§ **Material provided**
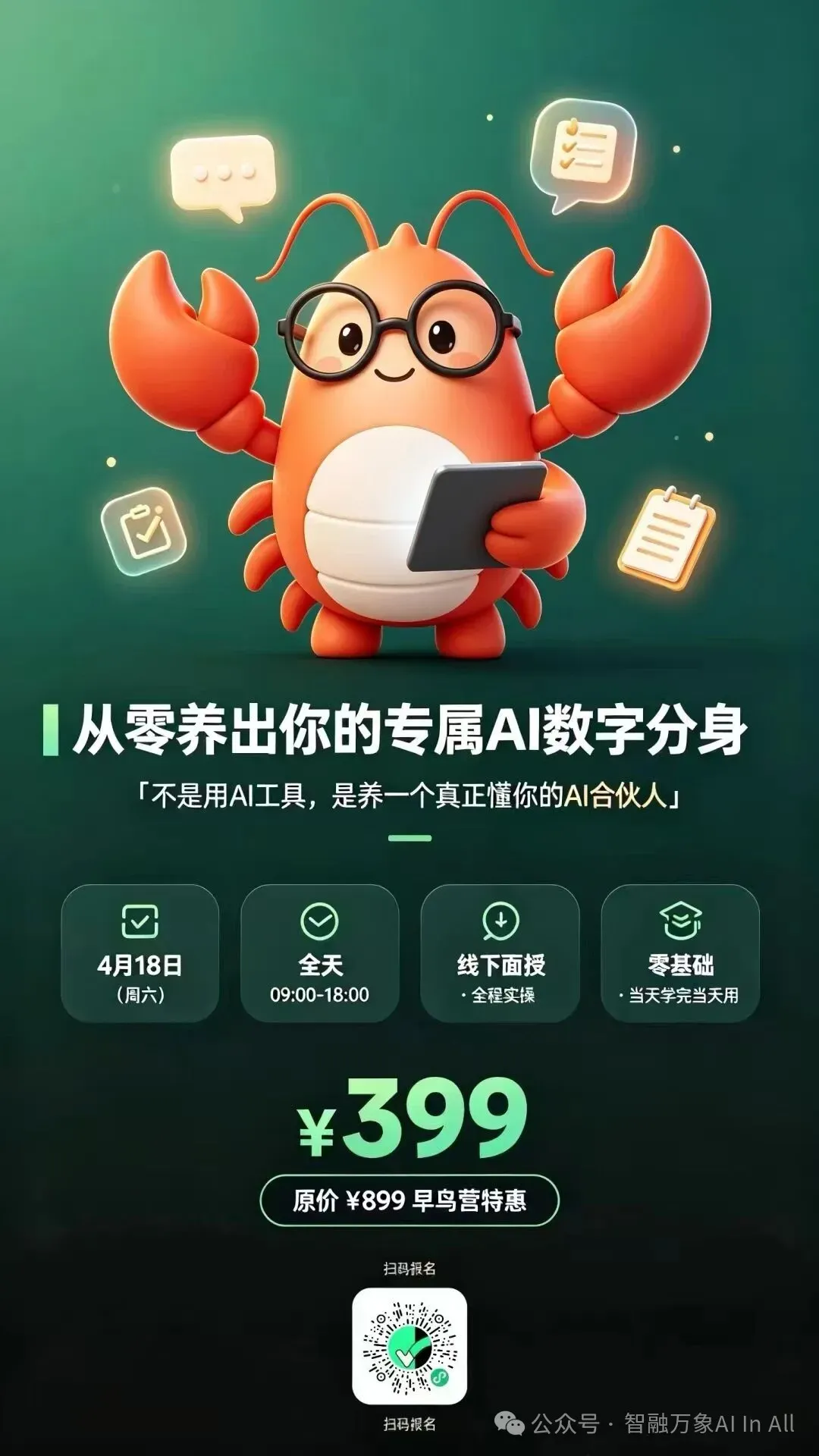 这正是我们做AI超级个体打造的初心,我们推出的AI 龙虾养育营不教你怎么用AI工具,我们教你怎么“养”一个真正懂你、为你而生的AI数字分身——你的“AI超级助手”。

==

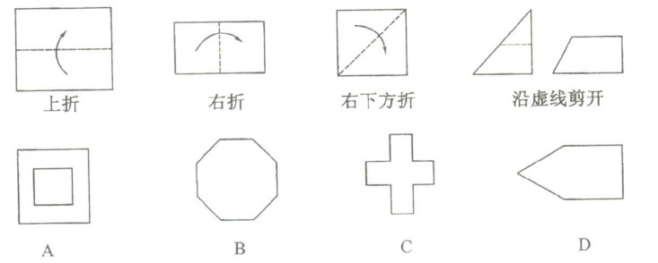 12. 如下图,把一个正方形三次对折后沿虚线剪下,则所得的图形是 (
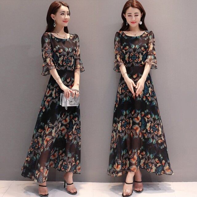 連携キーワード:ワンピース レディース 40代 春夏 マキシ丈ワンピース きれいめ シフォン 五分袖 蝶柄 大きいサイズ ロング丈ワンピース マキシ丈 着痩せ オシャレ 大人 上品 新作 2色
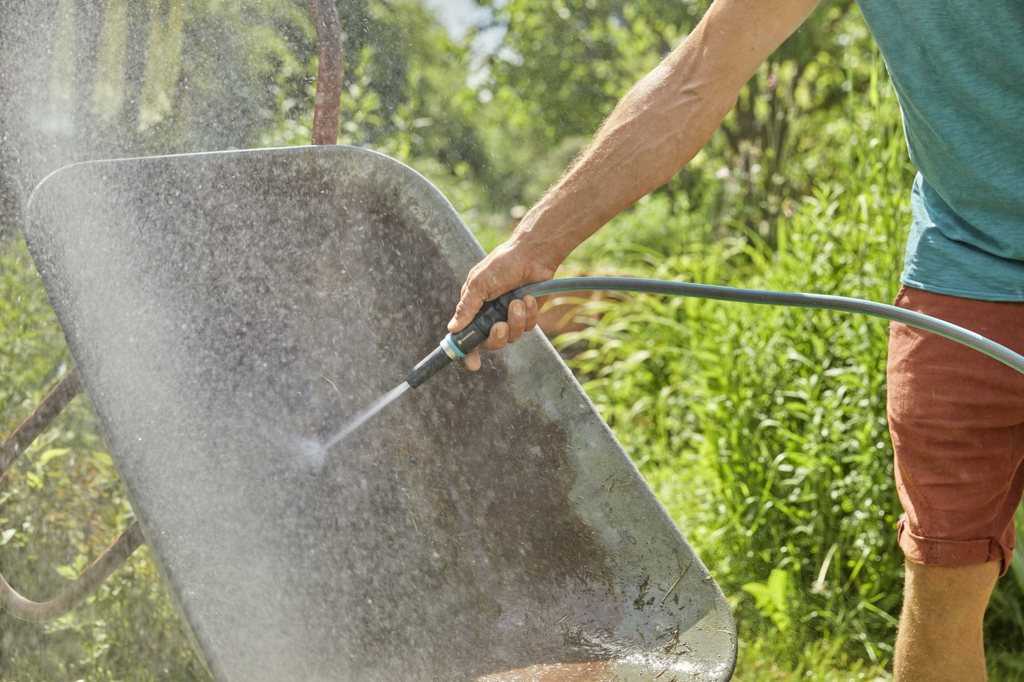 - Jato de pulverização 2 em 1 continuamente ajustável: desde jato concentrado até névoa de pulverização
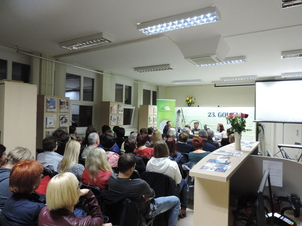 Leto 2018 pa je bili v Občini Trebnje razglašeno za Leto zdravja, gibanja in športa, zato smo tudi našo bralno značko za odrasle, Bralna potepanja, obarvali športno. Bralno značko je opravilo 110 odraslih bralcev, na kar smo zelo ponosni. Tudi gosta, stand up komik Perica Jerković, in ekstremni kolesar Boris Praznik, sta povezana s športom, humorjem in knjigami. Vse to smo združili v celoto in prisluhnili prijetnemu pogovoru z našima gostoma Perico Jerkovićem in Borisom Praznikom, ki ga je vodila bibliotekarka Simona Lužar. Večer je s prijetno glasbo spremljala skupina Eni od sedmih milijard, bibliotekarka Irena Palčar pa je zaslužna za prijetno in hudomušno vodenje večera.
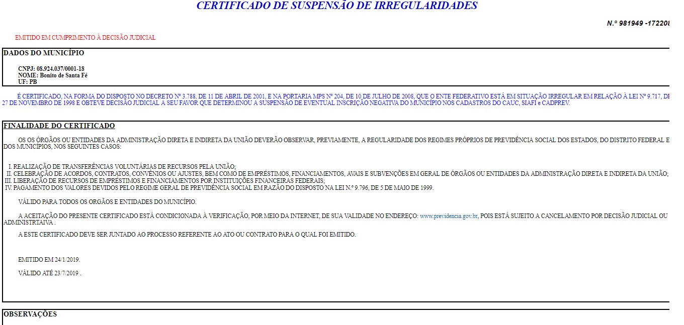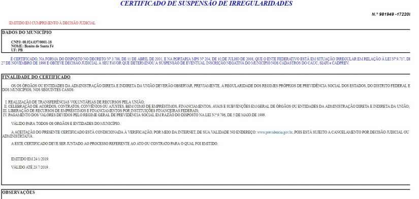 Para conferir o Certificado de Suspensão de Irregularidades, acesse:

---

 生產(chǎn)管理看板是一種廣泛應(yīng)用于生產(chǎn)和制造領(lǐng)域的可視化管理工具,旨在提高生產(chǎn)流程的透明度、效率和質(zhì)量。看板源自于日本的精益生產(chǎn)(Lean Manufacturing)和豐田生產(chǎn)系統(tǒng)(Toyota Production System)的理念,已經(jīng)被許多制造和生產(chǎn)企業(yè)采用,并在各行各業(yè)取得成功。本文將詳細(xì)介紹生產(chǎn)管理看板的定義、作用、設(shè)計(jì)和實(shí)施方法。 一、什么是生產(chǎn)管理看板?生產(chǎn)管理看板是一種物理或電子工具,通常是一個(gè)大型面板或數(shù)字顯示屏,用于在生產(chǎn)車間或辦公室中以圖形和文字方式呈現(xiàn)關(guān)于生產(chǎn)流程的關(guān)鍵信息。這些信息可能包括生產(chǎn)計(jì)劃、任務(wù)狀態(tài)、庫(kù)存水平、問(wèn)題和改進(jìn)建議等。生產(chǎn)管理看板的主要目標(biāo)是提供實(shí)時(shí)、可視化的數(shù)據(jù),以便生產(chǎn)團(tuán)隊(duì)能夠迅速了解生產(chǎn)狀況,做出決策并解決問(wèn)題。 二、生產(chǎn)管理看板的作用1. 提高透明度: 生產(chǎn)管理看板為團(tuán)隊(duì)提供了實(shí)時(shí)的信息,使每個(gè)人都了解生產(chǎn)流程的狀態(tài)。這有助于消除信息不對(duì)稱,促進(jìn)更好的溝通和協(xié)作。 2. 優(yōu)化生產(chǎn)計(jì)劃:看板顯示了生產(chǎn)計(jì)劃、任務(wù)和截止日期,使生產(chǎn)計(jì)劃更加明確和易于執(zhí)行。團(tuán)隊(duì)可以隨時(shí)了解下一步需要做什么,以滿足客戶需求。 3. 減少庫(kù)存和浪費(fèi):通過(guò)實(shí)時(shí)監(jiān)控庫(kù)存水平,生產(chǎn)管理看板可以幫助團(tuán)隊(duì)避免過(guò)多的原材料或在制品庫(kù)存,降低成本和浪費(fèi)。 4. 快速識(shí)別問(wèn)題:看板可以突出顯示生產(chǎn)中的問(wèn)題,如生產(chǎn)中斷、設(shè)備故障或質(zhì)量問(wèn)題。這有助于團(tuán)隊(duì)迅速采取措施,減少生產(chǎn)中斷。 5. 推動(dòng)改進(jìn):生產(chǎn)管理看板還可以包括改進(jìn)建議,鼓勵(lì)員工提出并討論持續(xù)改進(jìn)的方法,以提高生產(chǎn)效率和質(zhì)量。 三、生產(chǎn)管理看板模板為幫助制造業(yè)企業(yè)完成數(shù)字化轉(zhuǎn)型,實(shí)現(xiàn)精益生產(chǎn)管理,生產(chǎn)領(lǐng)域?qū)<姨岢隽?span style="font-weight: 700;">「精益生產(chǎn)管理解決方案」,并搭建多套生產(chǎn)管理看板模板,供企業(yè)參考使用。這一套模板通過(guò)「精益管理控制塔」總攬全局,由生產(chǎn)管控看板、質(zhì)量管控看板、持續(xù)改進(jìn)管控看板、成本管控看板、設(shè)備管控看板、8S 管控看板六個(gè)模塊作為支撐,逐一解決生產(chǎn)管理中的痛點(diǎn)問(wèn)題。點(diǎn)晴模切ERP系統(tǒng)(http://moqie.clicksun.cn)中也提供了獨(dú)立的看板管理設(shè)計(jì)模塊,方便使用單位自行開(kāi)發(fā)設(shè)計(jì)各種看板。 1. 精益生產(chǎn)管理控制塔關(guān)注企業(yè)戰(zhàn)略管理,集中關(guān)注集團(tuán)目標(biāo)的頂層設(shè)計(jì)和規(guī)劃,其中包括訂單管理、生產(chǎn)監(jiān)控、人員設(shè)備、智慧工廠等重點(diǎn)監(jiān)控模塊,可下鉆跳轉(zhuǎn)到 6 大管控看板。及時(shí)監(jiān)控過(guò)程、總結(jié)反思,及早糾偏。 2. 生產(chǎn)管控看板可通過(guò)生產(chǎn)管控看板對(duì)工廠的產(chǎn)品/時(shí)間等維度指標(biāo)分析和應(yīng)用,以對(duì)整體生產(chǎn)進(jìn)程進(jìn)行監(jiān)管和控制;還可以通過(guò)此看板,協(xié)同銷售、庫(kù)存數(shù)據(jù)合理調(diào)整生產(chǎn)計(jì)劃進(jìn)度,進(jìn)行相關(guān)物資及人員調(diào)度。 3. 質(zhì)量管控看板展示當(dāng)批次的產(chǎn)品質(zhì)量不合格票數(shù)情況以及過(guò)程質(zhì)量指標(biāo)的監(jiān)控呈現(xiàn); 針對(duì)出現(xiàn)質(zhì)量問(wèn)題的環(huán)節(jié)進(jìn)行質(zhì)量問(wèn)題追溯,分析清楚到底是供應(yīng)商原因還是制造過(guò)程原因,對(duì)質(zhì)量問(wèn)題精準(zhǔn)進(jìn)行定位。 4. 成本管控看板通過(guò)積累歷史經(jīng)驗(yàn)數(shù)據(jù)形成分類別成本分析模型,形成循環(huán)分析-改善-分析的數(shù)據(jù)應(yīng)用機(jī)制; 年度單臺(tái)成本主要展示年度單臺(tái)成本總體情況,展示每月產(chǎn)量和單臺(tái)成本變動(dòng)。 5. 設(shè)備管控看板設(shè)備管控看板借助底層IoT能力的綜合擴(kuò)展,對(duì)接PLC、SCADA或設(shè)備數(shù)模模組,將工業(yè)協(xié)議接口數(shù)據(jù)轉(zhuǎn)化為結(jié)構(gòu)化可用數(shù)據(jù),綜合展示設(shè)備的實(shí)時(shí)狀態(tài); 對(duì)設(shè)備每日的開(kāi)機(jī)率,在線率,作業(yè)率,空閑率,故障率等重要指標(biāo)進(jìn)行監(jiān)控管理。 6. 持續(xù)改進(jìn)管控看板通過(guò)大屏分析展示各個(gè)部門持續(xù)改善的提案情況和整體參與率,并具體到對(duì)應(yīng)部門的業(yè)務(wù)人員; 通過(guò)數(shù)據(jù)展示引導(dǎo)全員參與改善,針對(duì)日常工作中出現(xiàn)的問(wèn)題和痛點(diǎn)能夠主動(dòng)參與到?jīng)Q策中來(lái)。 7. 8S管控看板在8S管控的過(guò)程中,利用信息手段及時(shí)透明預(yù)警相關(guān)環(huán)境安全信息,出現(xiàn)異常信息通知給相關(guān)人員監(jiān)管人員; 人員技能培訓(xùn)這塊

§ **What is required**
Reproduce the entries exactly, from the line with "Leto 2018 pa" to the line with "Para conferir o", both lines included, keeping no pictures.

§ **Written solution**
 Leto 2018 pa je bili v Občini Trebnje razglašeno za Leto zdravja, gibanja in športa, zato smo tudi našo bralno značko za odrasle, Bralna potepanja, obarvali športno. Bralno značko je opravilo 110 odraslih bralcev, na kar smo zelo ponosni. Tudi gosta, stand up komik Perica Jerković, in ekstremni kolesar Boris Praznik, sta povezana s športom, humorjem in knjigami. Vse to smo združili v celoto in prisluhnili prijetnemu pogovoru z našima gostoma Perico Jerkovićem in Borisom Praznikom, ki ga je vodila bibliotekarka Simona Lužar. Večer je s prijetno glasbo spremljala skupina Eni od sedmih milijard, bibliotekarka Irena Palčar pa je zaslužna za prijetno in hudomušno vodenje večera.
 Para conferir o Certificado de Suspensão de Irregularidades, acesse:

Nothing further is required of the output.